G.R. No. 93237 November 6, 1992




Private respondent Juan A. Alegre's wife, Dr. Jimena Alegre, sent two (2) RUSH telegrams through petitioner
RCPI's facilities in Taft Ave., Manila at 9:00 in the morning of 17 March 1989 to his sister and brother-in-law in
Valencia, Bohol and another sister-in-law in Espiritu, Ilocos Norte, with the following identical texts:


Both telegrams did not reach their destinations on the expected dates. Private respondent filed a letter-complaint
against the RCPI with the National Telecommunications Commission (NTC) for poor service, with a request for the
imposition of the appropriate punitive sanction against the company.
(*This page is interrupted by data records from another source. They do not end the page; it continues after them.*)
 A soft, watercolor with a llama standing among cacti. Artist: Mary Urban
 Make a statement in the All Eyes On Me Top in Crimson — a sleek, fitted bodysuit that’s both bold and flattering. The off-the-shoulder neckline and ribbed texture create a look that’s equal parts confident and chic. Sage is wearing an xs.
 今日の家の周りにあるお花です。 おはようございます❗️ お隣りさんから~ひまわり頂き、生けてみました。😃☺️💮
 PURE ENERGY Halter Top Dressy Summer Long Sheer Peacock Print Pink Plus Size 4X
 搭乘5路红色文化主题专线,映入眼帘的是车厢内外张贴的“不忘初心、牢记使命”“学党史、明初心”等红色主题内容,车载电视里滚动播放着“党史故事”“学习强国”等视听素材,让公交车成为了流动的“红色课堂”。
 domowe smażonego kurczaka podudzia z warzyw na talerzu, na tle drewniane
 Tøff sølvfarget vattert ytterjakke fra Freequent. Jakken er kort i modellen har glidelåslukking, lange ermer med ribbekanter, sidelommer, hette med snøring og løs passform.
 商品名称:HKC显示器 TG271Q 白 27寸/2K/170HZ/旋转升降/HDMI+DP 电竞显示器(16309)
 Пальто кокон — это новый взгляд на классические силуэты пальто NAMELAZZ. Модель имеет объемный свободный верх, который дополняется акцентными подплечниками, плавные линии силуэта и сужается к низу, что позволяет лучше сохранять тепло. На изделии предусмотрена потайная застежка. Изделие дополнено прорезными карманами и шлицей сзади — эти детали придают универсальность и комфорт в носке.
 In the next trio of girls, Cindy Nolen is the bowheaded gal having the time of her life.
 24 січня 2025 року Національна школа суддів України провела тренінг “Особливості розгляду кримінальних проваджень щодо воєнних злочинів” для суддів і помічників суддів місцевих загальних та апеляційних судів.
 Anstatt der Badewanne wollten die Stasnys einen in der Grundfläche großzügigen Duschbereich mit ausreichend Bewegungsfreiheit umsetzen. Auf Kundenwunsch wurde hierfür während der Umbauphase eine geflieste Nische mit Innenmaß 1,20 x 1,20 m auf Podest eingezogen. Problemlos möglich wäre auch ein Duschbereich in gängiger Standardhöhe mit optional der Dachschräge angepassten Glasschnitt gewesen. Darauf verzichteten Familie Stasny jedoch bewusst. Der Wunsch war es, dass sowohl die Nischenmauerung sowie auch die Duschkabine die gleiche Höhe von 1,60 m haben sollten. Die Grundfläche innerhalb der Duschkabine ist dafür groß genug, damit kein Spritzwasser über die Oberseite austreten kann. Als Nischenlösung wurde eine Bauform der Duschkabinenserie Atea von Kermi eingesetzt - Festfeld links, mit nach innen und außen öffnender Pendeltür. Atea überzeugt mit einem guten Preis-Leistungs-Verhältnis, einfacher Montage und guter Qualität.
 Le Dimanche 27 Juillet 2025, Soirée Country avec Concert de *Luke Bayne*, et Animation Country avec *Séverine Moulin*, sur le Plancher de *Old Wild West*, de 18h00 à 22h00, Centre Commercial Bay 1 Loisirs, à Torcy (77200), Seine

Taking cognizance of the complaint, NTC directed RCPI to answer the complaint and set the initial hearing of the
case to 2 May 1989. After two (2) resettings, RCPI moved to dismiss the case on the following grounds:

1. Juan Alegre is not the real party in interest;

2. NTC has no jurisdiction over the case;

3. the continued hearing of the case violates its constitutional right to due process of law. 2

RCPI likewise moved for deferment of scheduled hearings until final determination of its motion to dismiss.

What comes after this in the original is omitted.